При всех переменах в жизни семьи неизменной величиной в ней оставался культ сына. Инженер-текстильщик с высшим образованием Софья Мироновна не работала, а обеспечивала мужу крепкие тылы, в том числе взяв на себя все заботы по воспитанию сына. Ребенок часто болел и перенес операцию – это подвигало Софью Мироновну заводить знакомства в медицинском мире. Например, в круг людей, заглядывавших «на огонек» в квартиру Шахуриных, были самые авторитетные специалисты того времени – терапевт М.С. Вовси, хирург И.С. Жоров, директор Кремлевской поликлиники З.В. Климовицкая. В 10-летнем возрасте у мальчика прорезался интерес к музыке, в частности, к опере, и с тех пор Володя регулярно занимался на дому с педагогом по фортепиано. Затем он увлекся иностранными языками – и это увлечение получило всемерную поддержку со стороны матери. Как свидетельствовали общавшиеся с ним ровесники, Володя почти в совершенстве владел немецким языком, изучал самостоятельно английский и испанский. В седьмом классах он стал проявлять интерес к дипломатической работе. Мать с готовностью откликнулась и на эту склонность – в доме Шахуриных появились книги по истории дипломатии, а С.М. Шахурина стала мечтать о будущей дипломатической карьере сына. Если бы в более старшем возрасте у него сформировались другие приоритеты, они с гарантией были бы ею поддержаны. Узнав после смерти сына, что он являлся руководителем «молодежной фашистской организации», она решительно не могла взять в толк, зачем ему это понадобилось. По фактам выходило, что при всех своих стараниях контролировать учебу, общение и даже круг чтения сына, она его мало знала, а он отстраивал и умело скрывал свою автономную часть жизни. Трагедия на Каменном мосту со всеми сопутствующими ей обстоятельствами обернулась для Софьи Мироновны не только безутешным материнским горем, крушением надежд на блестящее будущее сына, но и полным провалом воспитательных усилий.

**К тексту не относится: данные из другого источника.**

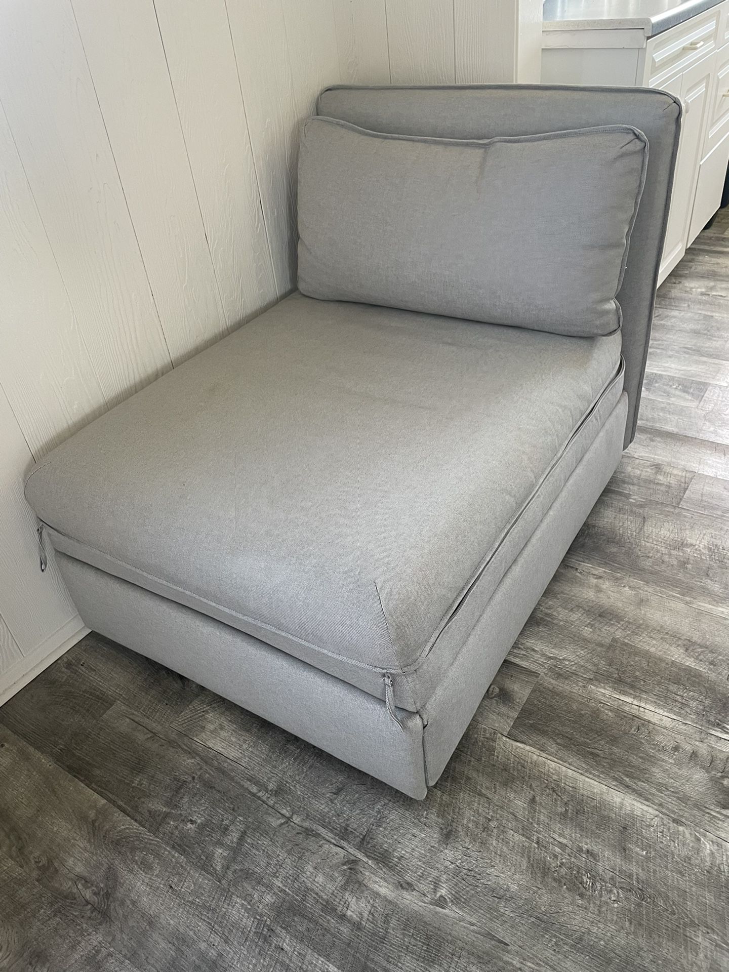 Ikea Vallentuna Sleeper sofa with backrests Super comfortable for sleeping Width: 44 1/2 " Depth: 36 5/8 " Height: 33 1/8 " Seat height: 17 3/4 " Bed width: 31 1/2 " Bed length: 78 3/4 " Frame for sleeper module Smolder resistant lining/ Lining/ Smolder resistant lining: Polyester wadding Frame: Solid wood, Plywood, Particleboard, Polyurethane foam 2.0 lb/cu.ft. Seat cushion: Polyurethane foam 2.0 lb/cu.ft., High-resilience polyurethane foam (cold foam) 2.2 lb/cu.ft., Non-woven polypropylene, Felt liner Castor/ Leg/ Sleeve: Polypropylene Pocket spring unit: Steel Bed slat: Plywood Backrest frame Smolder resistant lining: Polyester wadding Frame: Solid wood, Plywood, Fiberboard, Polyurethane foam 2.0 lb/cu.ft., Polyester wadding, Particleboard Back inner cushion Smolder resistant lining: Polyester wadding Cushion: Polyester wadding, Polyester fiber balls Cover for back cushion/ cover for backrest 100 % polyester (100% recycled) Cover for sleeper module Quilting: Polyester wadding Cover, other surfaces: Non-woven polypropylene Fabric: 100 % polyester (100% recycled) Removable cover Cover for back cushion/cover for backrest/cover for sleeper module Machine wash warm, normal cycle. To be washed separately. Do not bleach. Do not tumble dry. Iron medium temperature, max 300°F/150°C. Dry clean any solvent except trichloroethylene.
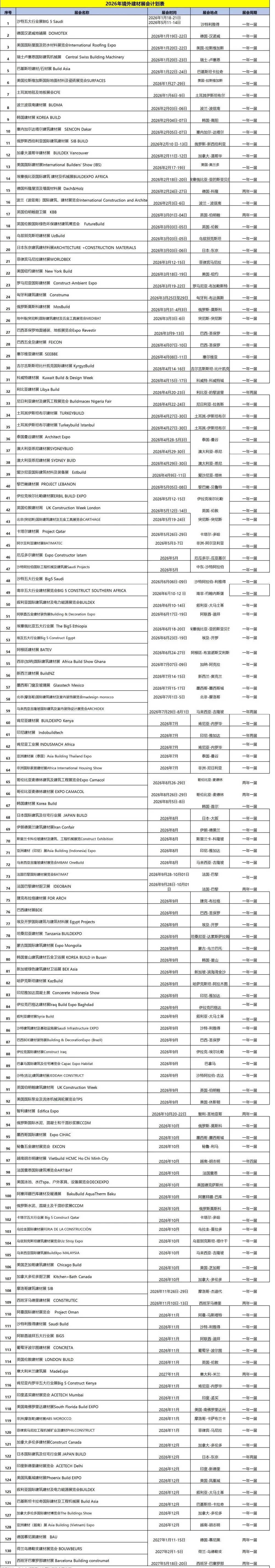 2026年境外建材展会计划表
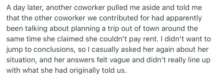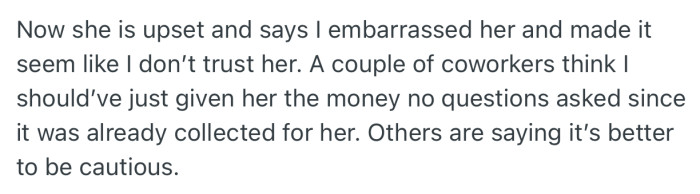 But then the questions start. After the coworker opened up, people felt uncomfortable with how much was known, how the situation was being explained, and whether the money was being handled with enough clarity. On one side, the coworker likely felt exposed, like her personal situation was being treated like a public performance. On the other, the OP got stuck holding everyone’s trust, and once things “didn’t line up,” handing over the money without answers felt risky.
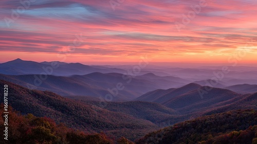 sunrise, mountain, autumn, colours, sky, vista, landscape, morning, sunset, fog, mist, peak, vale, foliage, tree, nature, beauty, view, horizon, elevation, range, ridge, cloud, pink, orange, purple, blue, gold, light, shadow, depth, perspective, mountainous, outdoors, scenic, vibrant, texture, layer, peaceful, tranquil, autumn, fall, wilderness

Однако первый тревожный звонок для нее прозвучал гораздо раньше – примерно за год до кончины сына, когда они жили в эвакуации в Куйбышеве. Там Володя сблизился с местной девочкой по имени Наташа (фамилию никто из очевидцев не мог вспомнить), которая была старше его двумя годами. Эта дружба встретила категорическое неприятие со стороны матери Володи, с формальной точки зрения, на основании дурной репутации и плохой успеваемости девочки. Однако с учетом того, что Софья Мироновна ни до, ни после не препятствовала дружбе сына с двоечниками не самого примерного поведения из «своего» круга, причиной немилости, скорее всего, являлась чужеродность Наташи той самой «проклятой касте», которая, по словам С. Сталиной, так наглядно обозначилась в Куйбышеве. Столкнувшись с непримиримой позицией матери, Володя подговорил Наташу и своего близкого друга Юрия Коренблюма на побег. В один из мартовских дней они втроем переправились на другой берег Волги и скрывались там целые сутки, т. е. достаточно долго, принимая во внимание их возраст, военные условия и холодную погоду начала весны. Обезумевшая от страха мать подняла на ноги городскую милицию, вся троица была найдена и передана в руки родителей. Этот эпизод идеально подпадал под реакцию эмансипации, или «опьянения свободой», характерную для подростков с регламентированным образом существования, после самовольной или же естественной отмены регламента. Как утверждают детские психологи, нередко «опьянение свободой» прокладывает путь к аддиктивному, т. е. саморазрушающему поведению, содействуя формированию пагубных зависимостей[28]. Что касается Володи Шахурина, то его «праздник непослушания» дал ему первый опыт прорыва из будничной рутины в неподконтрольную никому, кроме него самого, иную реальность, опыт, не потерявший привлекательной силы после водворения домой и резких выговоров родных и директора школы.

История с Наташей и побегом получила неожиданное продолжение в Москве. О ней новым одноклассникам поведала прошлогодняя свидетельница – ученица Галя Куйбышева. Огласка привела Володю в ярость, и он публично ударил Галю по лицу. Этот поступок возмутил учителей и многих школьников, в частности, Володю громко осуждала Светлана Молотова. Под большим давлением педагогов он извинился перед Галей, хотя, было очевидно, что не раскаялся. Ставшая известной в 175-й школе эскапада с побегом за Волгу и инцидент с Галей Куйбышевой серьезно подмочили Володину репутацию среди учителей и большой части учеников.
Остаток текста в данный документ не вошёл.